Items listed in a dataset
□ □ □ □ □ □ □
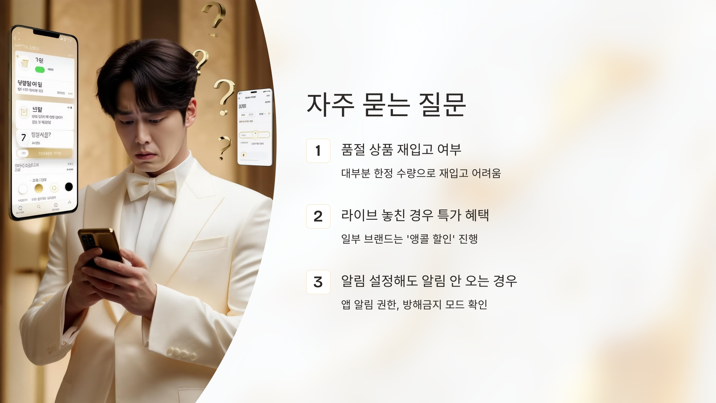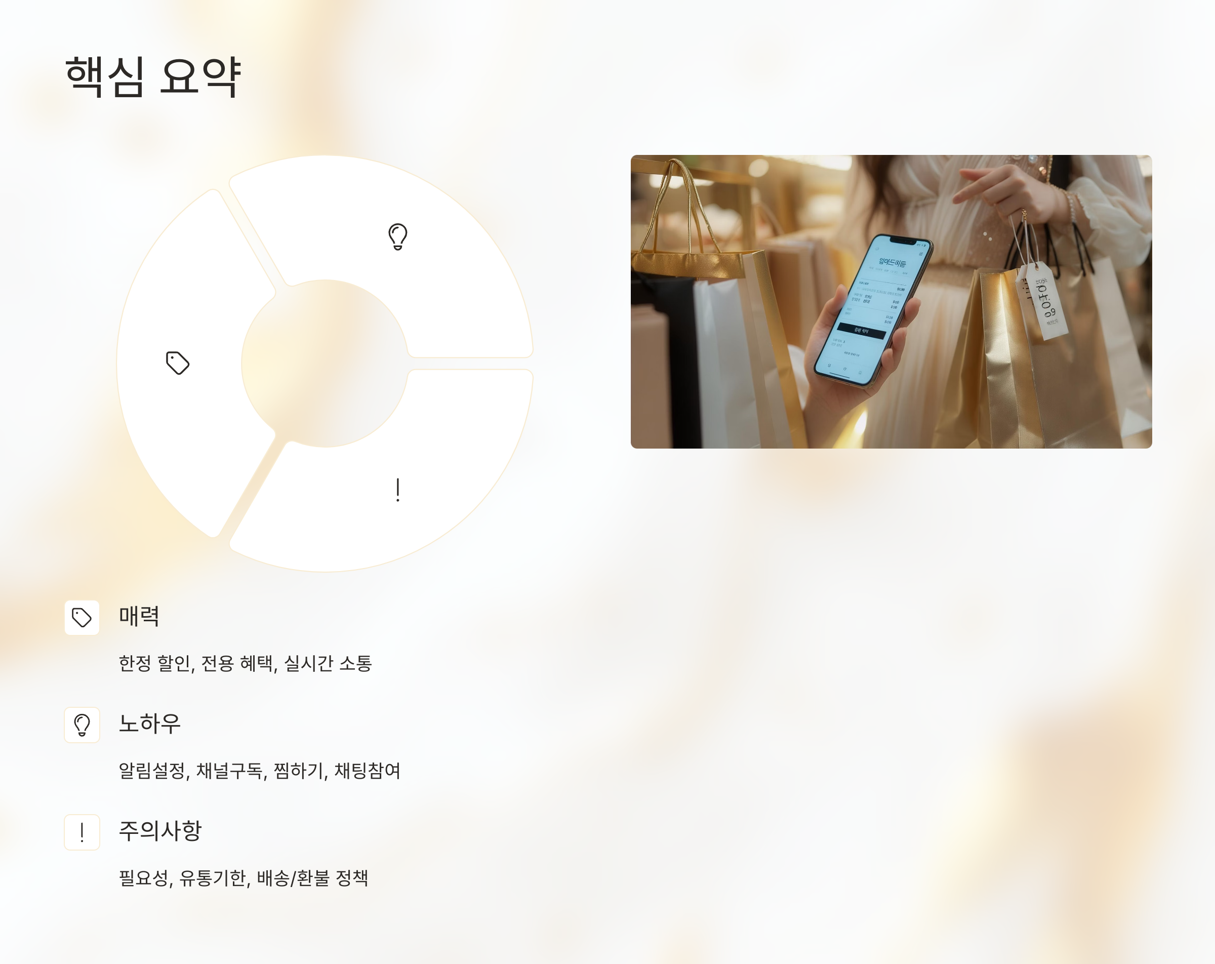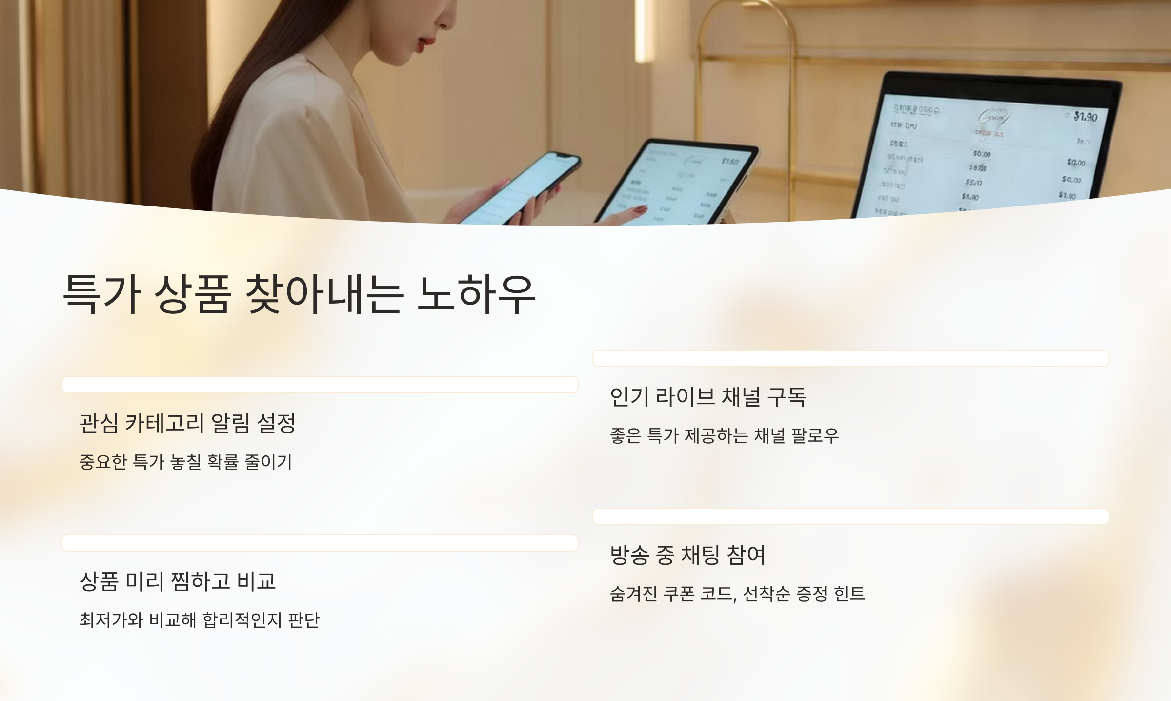 - 득템 노하우: 관심 카테고리 알림, 인기 채널 구독, 상품 미리 찜 비교, 방송 중 채팅 참여가 핵심이에요.
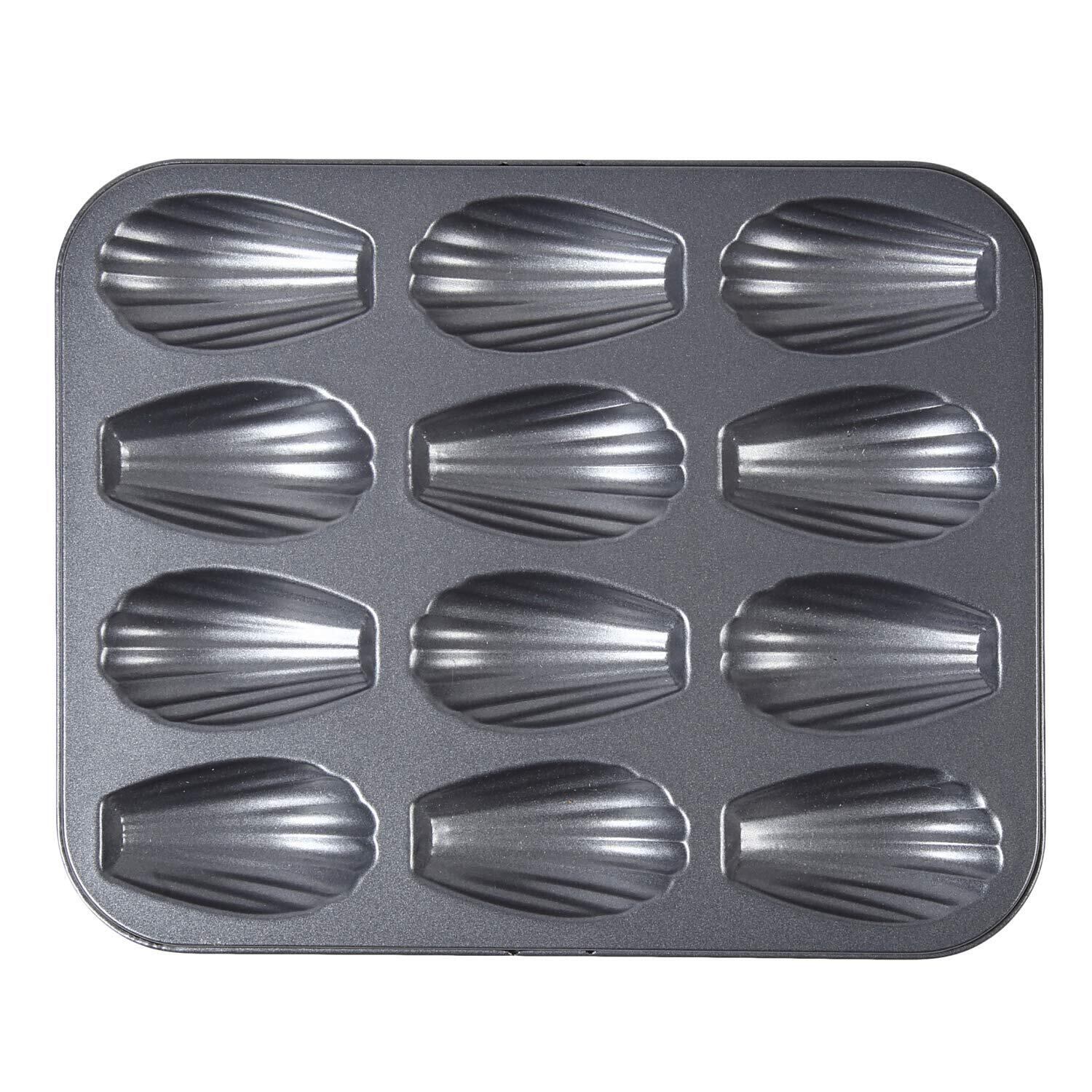 かわいらしいマドレーヌが焼けます。型から抜きやすくキレイに仕上がります。ベースは鉄なので蓄熱率が 高くとてもキレイな焼色がつきますよ一度に12個も焼けるので、気軽に焼くことができます。
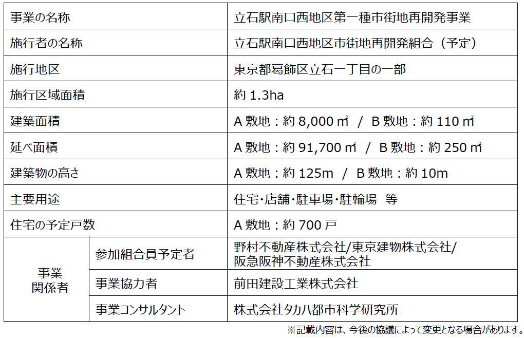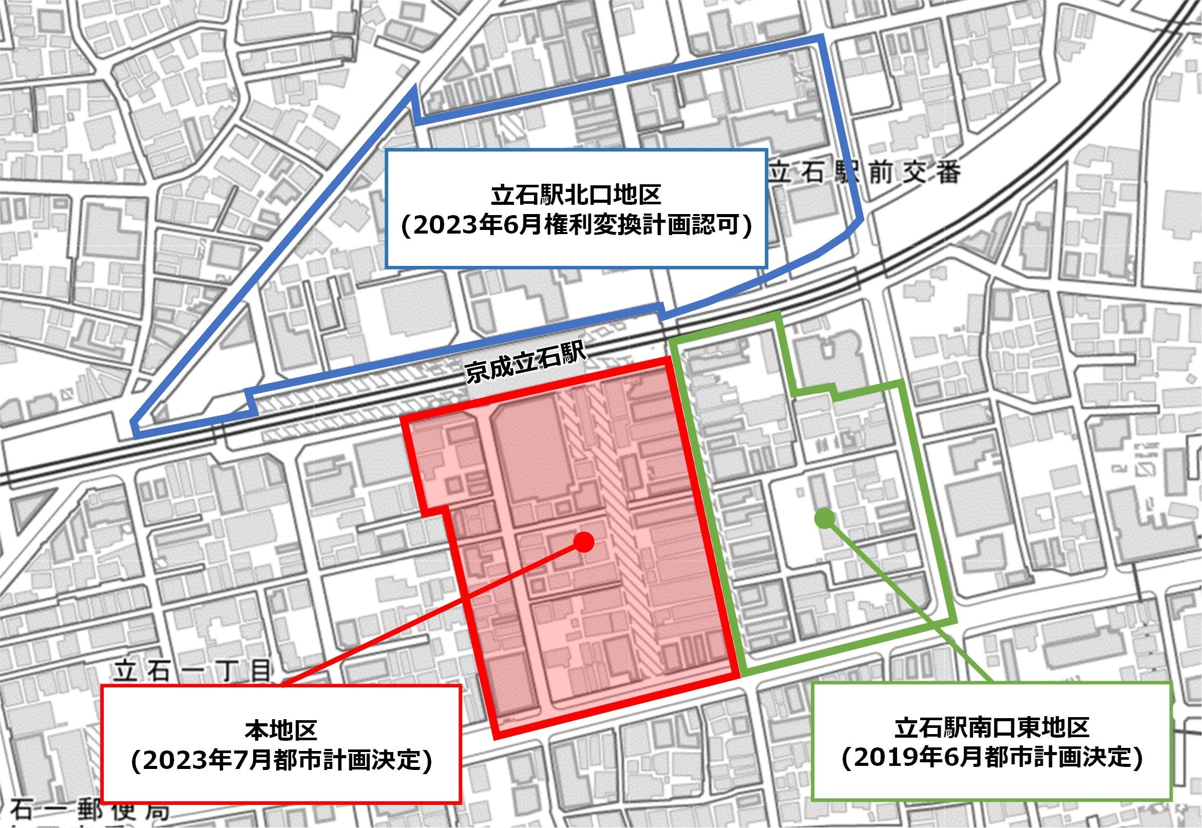 「京成立石」駅周辺では、同線の連続立体交差事業を契機としたまちづくりの機運の高まりを受け、本事業のほか、葛飾区総合庁舎の移転が決定している「立石駅北口地区」、本地区に隣接する「立石駅南口東地区」の再開発事業など、駅周辺を中心に大規模なまちづくりが検討されております。
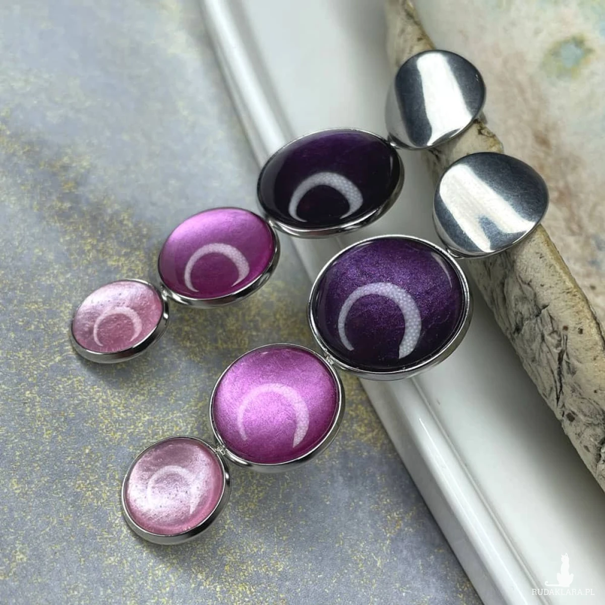 Te pełne blasku kolczyki są częścią kolekcji “W blasku perłowego księżyca”. Kolczyki wykonane są z ręcznie malowanych kaboszonów umieszczonych w bazach ze stali szlachetnej. Szklane elementy zachwycają subtelnym, opalizującym blaskiem, który jest niczym odbicie księżyca na tafli wody. Kolczyki mienią się w świetle, przyciągając wzrok i dodają elegancji każdej stylizacji. Ten dodatek jest idealny dla osób ceniących sobie wyrafinowaną i ponadczasową biżuterię.
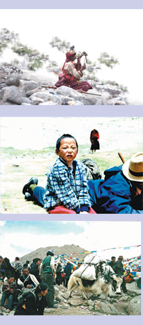 在轉神山岡仁波齊峰的沿途路上,經常可看見絡繹不絕的朝聖者,尤其是二○○二午馬年更是多到要排隊呢!虔誠的藏人在轉山時,許多人都是用「磕長頭」的方式,前往瞻仰祂的聖容。
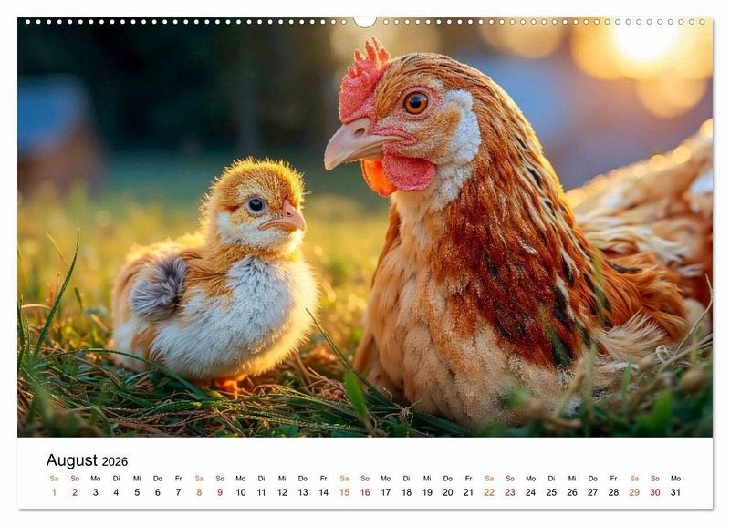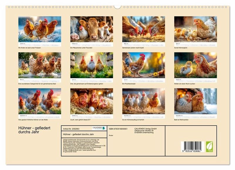 Erleben Sie die heitere Welt glücklicher Hühner, die ihr Leben in vollen Zügen genießen - frei und unbeschwert auf dem Bauernhof. Monat für Monat begleiten Sie diese charmanten Gefiederten durch die Jahreszeiten. Ob fröhliche Küken-Ausflüge über den Hof oder ein neugieriges Huhn beim Plausch mit den Kühen im Stall. Im Sonnenschein, Regen und auch Schnee ist dieses bunte Federvieh quietschvergnügt unterwegs. Gestaltet mit dem Auge fürs Detail sind diese Bilder ein herzerwärmender Blick auf das einfache Glück, wobei die grafische Umsetzung im Zusammenspiel klassischer Gestaltung und ausgewählter KI-basierter Methoden erfolgte. Ein perfektes Geschenk für alle Tierfreunde, Naturgenießer und Landliebhaber.
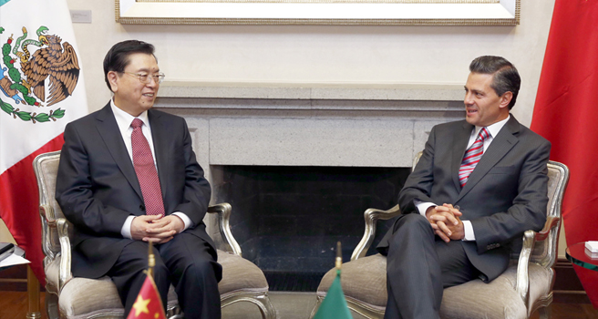 應墨西哥參議長巴爾沃薩和眾議長奧雷奧萊斯的邀請,全國人大常委會委員長張德江25日至26日對墨西哥進行正式友好訪問,在墨西哥城會見墨西哥總統培尼亞,與巴爾沃薩和奧雷奧萊斯分別舉行會談。[詳細]
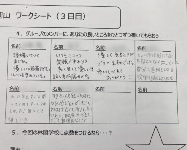同じ班で3日間過ごした仲間の「良いところ」をみんなで書き合いっこします!!
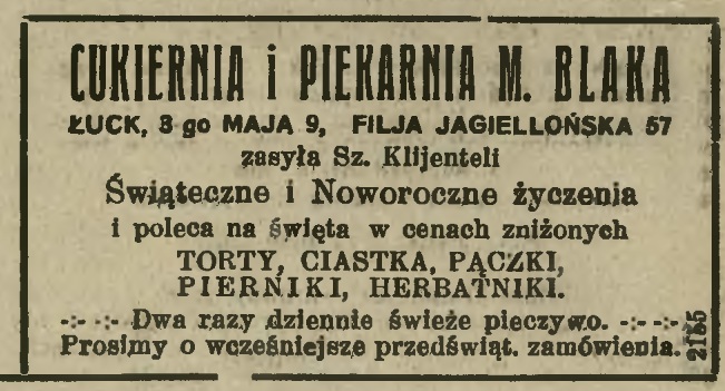 Вітав клієнтів з різдвяними та новорічними святами також кравецький заклад Н.Кірхман, що працював на вулиці Ягеллонській у Луцьку. Акції з нагоди свят влаштовував годинниковий магазин С.Рапопорта на Ягеллонській. Для кожного ласуна, дорослого чи малого, найважливішими ласощами під час свят називали тістечка, спечені на порошку доктора Августа Оеткера. Замовити перед святами свіжу випічку пропонували у цукерні та пекарні М.Бляка, яка працювала у Луцьку на вулицях 3-го травня та Ягеллонській. Вітаючи клієнтів, пропонували торти, тістечка, пончики та пряники за зниженими цінами.
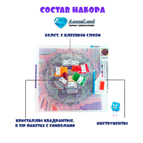 Размер 40х30см без подрамникаСостав: инструменты для алмазной мозаики (пинцет, стилус, лоток, гель-клей для стилуса, зип-пакеты с симвалами как на холсте, насадка на стилус ),холст, инструкция, компле.. Читать полностью
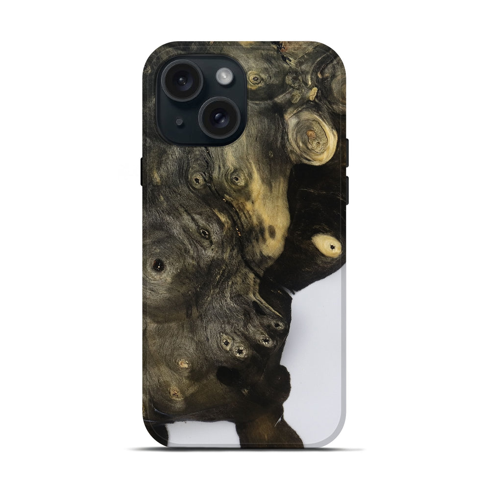 Our Live Edge cases are made from an amazing combination of stabilized wood burl and colored resin. Our stabilization process hardens the wood to protect against cracks and breaks. We do every step of the process at our shop in Northern Indiana. Perfectly fits the iPhone 15.
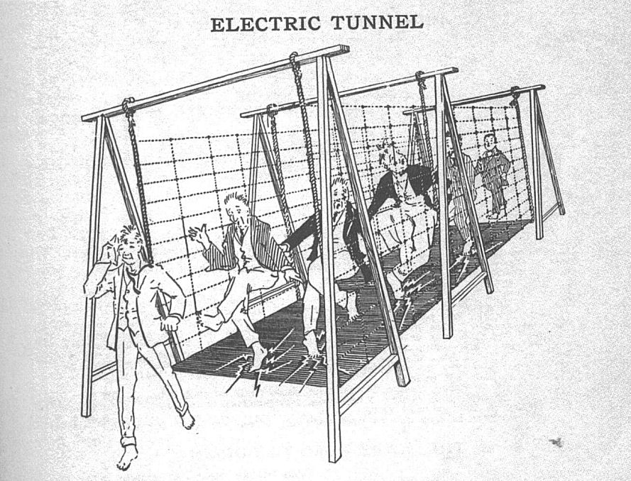 Seating your blindfolded initiate atop a bucking goat, may not be standard laugh material today, but at the time these catalogs serviced customers, they were one of The DeMoulin Bros. best selling gags. Pages are filled with variations on the theme but of course there are the many other gems such as water spurting alters and “Lung Testers,” collapsing chairs, fake branding irons, electric carpets and electric seats.
□ □ □ □ □ □ □
**Your goal**
Go to the line above that has "應墨西哥參議長巴爾沃薩和眾議" and copy exactly from there down to the line that has "Вітав клієнтів з", both included. Leave the pictures out.

**Your response**
 應墨西哥參議長巴爾沃薩和眾議長奧雷奧萊斯的邀請,全國人大常委會委員長張德江25日至26日對墨西哥進行正式友好訪問,在墨西哥城會見墨西哥總統培尼亞,與巴爾沃薩和奧雷奧萊斯分別舉行會談。[詳細]
同じ班で3日間過ごした仲間の「良いところ」をみんなで書き合いっこします!!
 Вітав клієнтів з різдвяними та новорічними святами також кравецький заклад Н.Кірхман, що працював на вулиці Ягеллонській у Луцьку. Акції з нагоди свят влаштовував годинниковий магазин С.Рапопорта на Ягеллонській. Для кожного ласуна, дорослого чи малого, найважливішими ласощами під час свят називали тістечка, спечені на порошку доктора Августа Оеткера. Замовити перед святами свіжу випічку пропонували у цукерні та пекарні М.Бляка, яка працювала у Луцьку на вулицях 3-го травня та Ягеллонській. Вітаючи клієнтів, пропонували торти, тістечка, пончики та пряники за зниженими цінами.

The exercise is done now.